ERROR: column “mystery” must appear in the GROUP BY clause or be used in an aggregate function

xullnn
5 min readFeb 6, 2021

I want to share my thoughts about how to think straight about why we need to apply aggregate function when we used GROUP BY clause in a SQL statement.

I assume that you’ve already had a basic understanding of GROUP BY and “aggregate functions” in SQL. If you know these two terms and ever used them but are fuzzy about them, I hope this post could help.

A simple visualization of GROUP BY

It’s useful to image we are splitting a table, which consists of rows and columns, horizontally into different groups by common values with the given column.

If we have this table, and we want to apply GROUP BY to col_one :

The common values from GROUP BY column_name

We can find the common values of col_one , they are apple , cat and fuel . This is a bit like DISTINCT . And it is very straightforward, GROUP BY a column is just to pick out distinct values of that column, each distinct value corresponds to one group.

Split table horizontally by different groups

Now let’s visually split the table horizontally based on the groups we get.

But we mentioned a group is a distinct value, we have group apple not group apple apple apple . So actually what we get is like this:

Add SELECT list into the picture

Now we get 3 groups: apple , cat and fuel . If we execute SQL like: SELECT col_one FROM table_name GROUP BY col_one , it will return 3 rows, each row contains a group name. But typically we want to include other columns while applying grouping. We want to know what groups we have, we also want to know extra information about each group, maybe we want to know how many apples we have, or the total weight of all the apples etc.

Say if we want to include col_two into our result and this column has some text data that includes some color information.

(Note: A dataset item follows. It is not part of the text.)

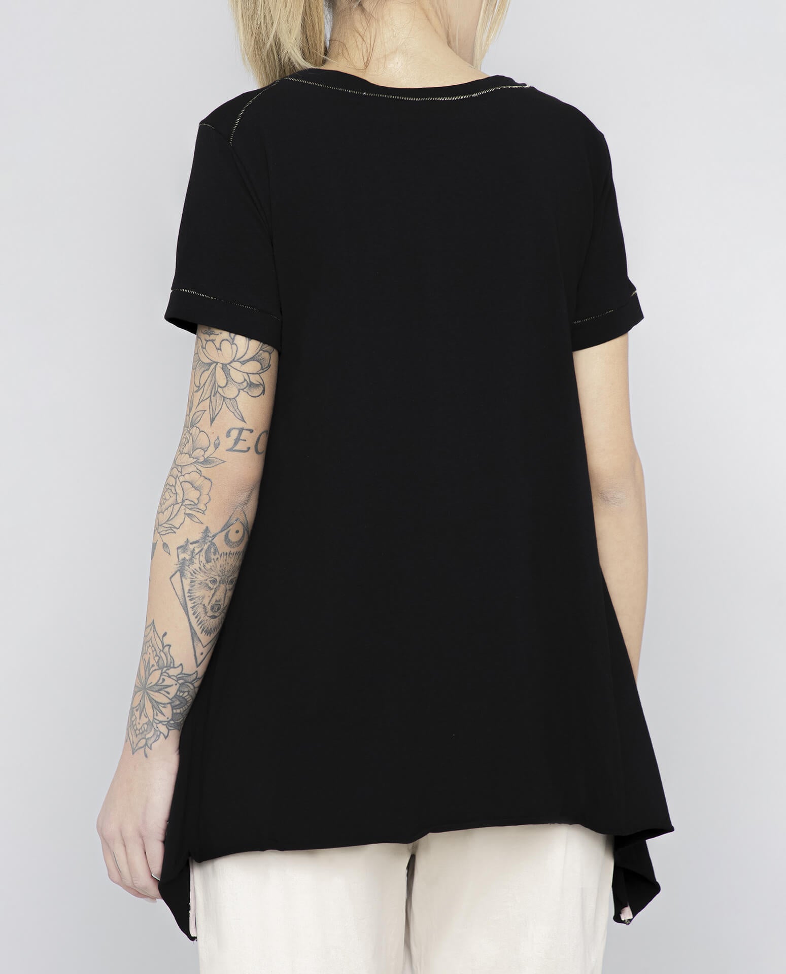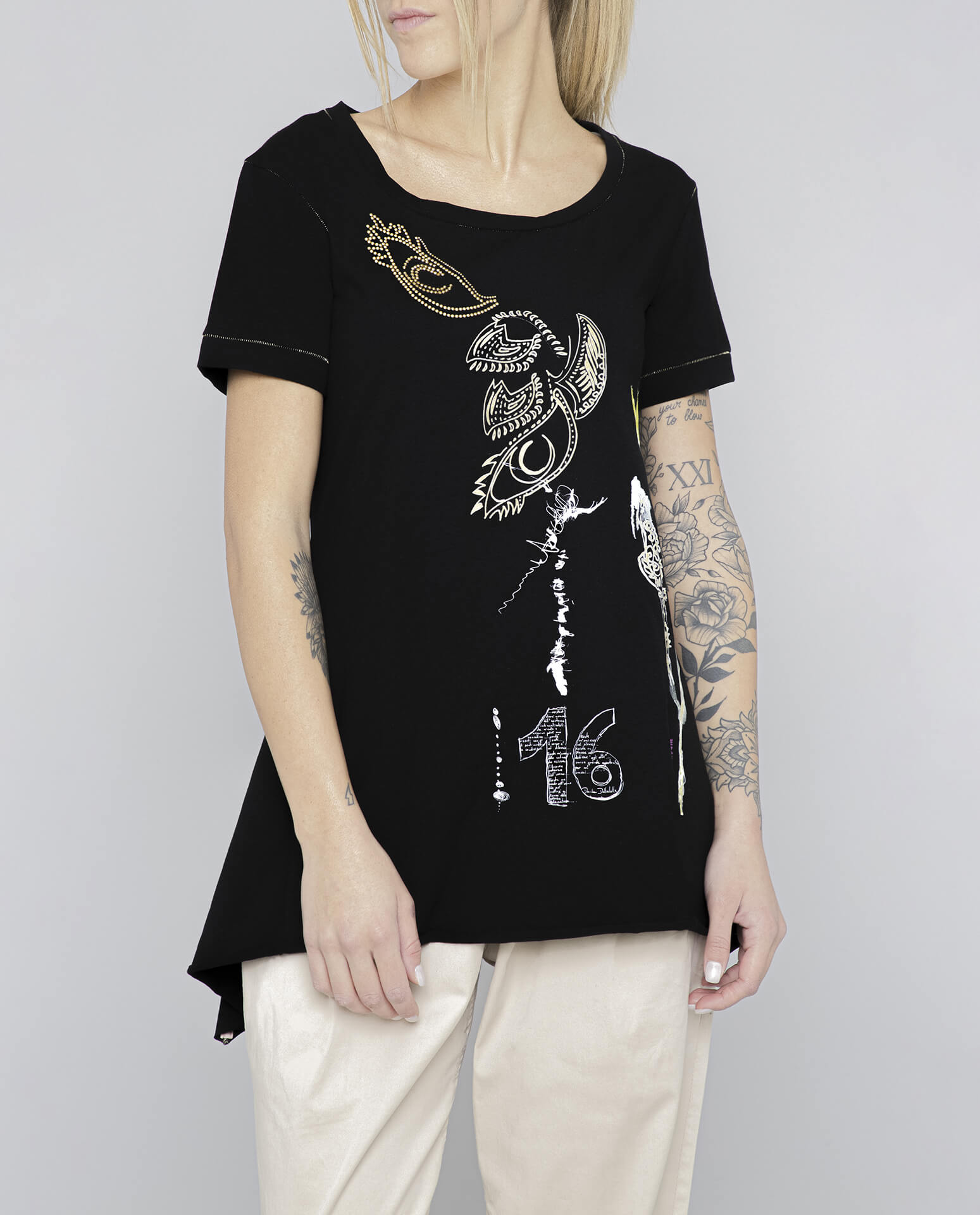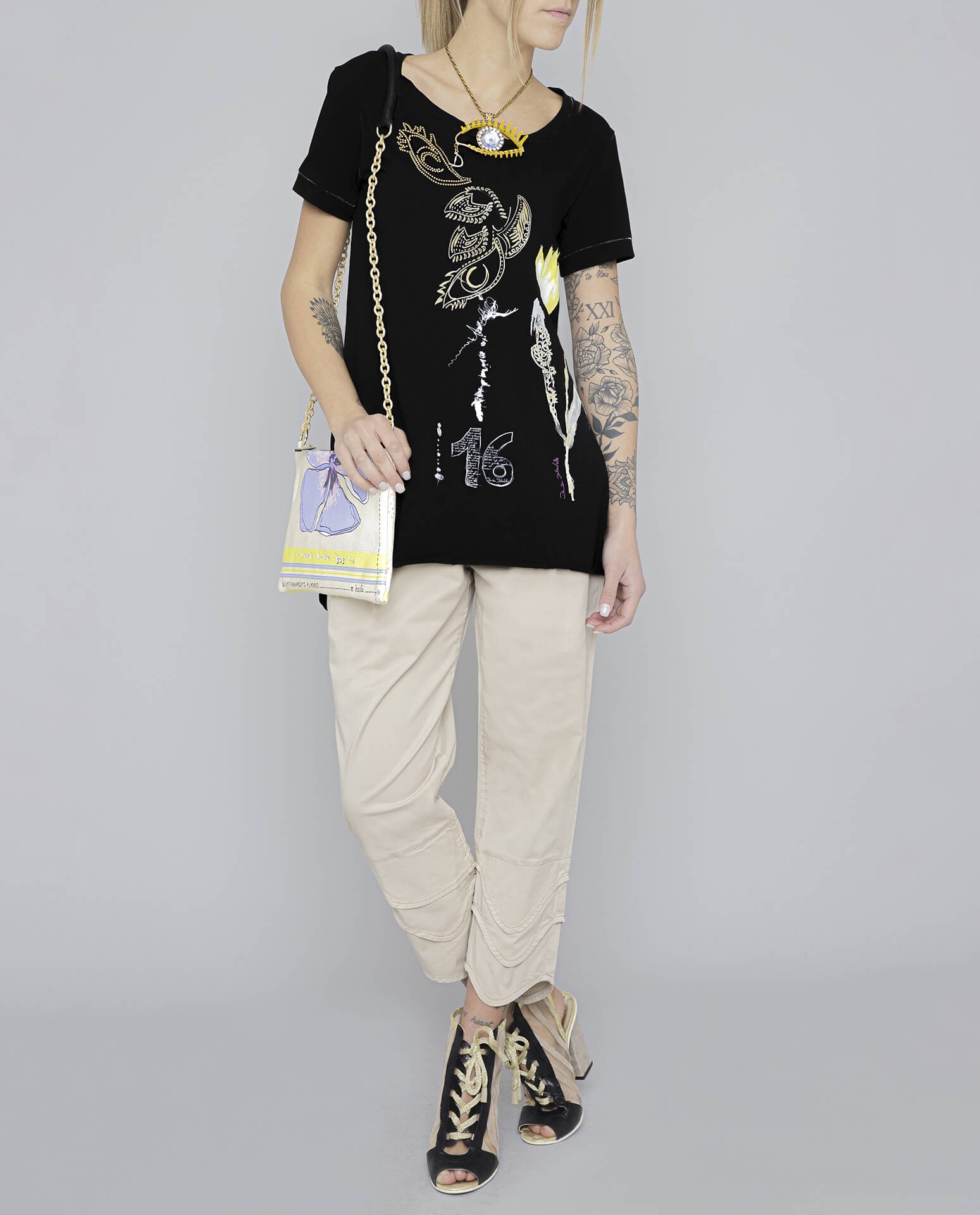 The DANIELA DALLAVALLE Brontolo T-shirt is a must-have for every wardrobe! This black T-shirt features a striking, colorful print that's sure to turn heads. Show off your individual style and make a fashion statement with this unique T-shirt!

The paradox here is we get 3 group rows from col_one , but 6 rows from col_two . If we execute SQL like SELECT col_one, col_two FROM table_name GROUP BY col_one; we would get an error ERROR: column “table_name.col_two” must appear in the GROUP BY clause or be used in an aggregate function .

The inconsistency between the number of groups and the number of rows of col_two leads to this problem. Let’s take the apple group as an example:

The 3 rows of data 'red' , 'green' and 'purple' need to be some way compressed into a single row(value) to fit in the apple group. And this is also true to other groups. By only doing this can we form a meaningful result from the query.

Use aggregate function as “compressor”

The error message we got earlier gave us some hint about the solution — aggregate function.

In database management, an aggregate function or aggregation function is a function where the values of multiple rows are grouped together to form a single summary value.

— wikipedia

When one group ties up with multiple rows within one or more selected columns. We can apply aggregate function to each column to get a “summary value”. Essentially it’s just a function that can take one or more arguments(in this case they’re the rows) and return a single value. By doing this the return value of an aggregation function based on multiple rows corresponds to their group can now together form a meaningful row of data.

A note about the execution order of GROUP BY and aggregate functions: grouping happens before aggregation so that aggregation functions only handle rows of values inside each independent group.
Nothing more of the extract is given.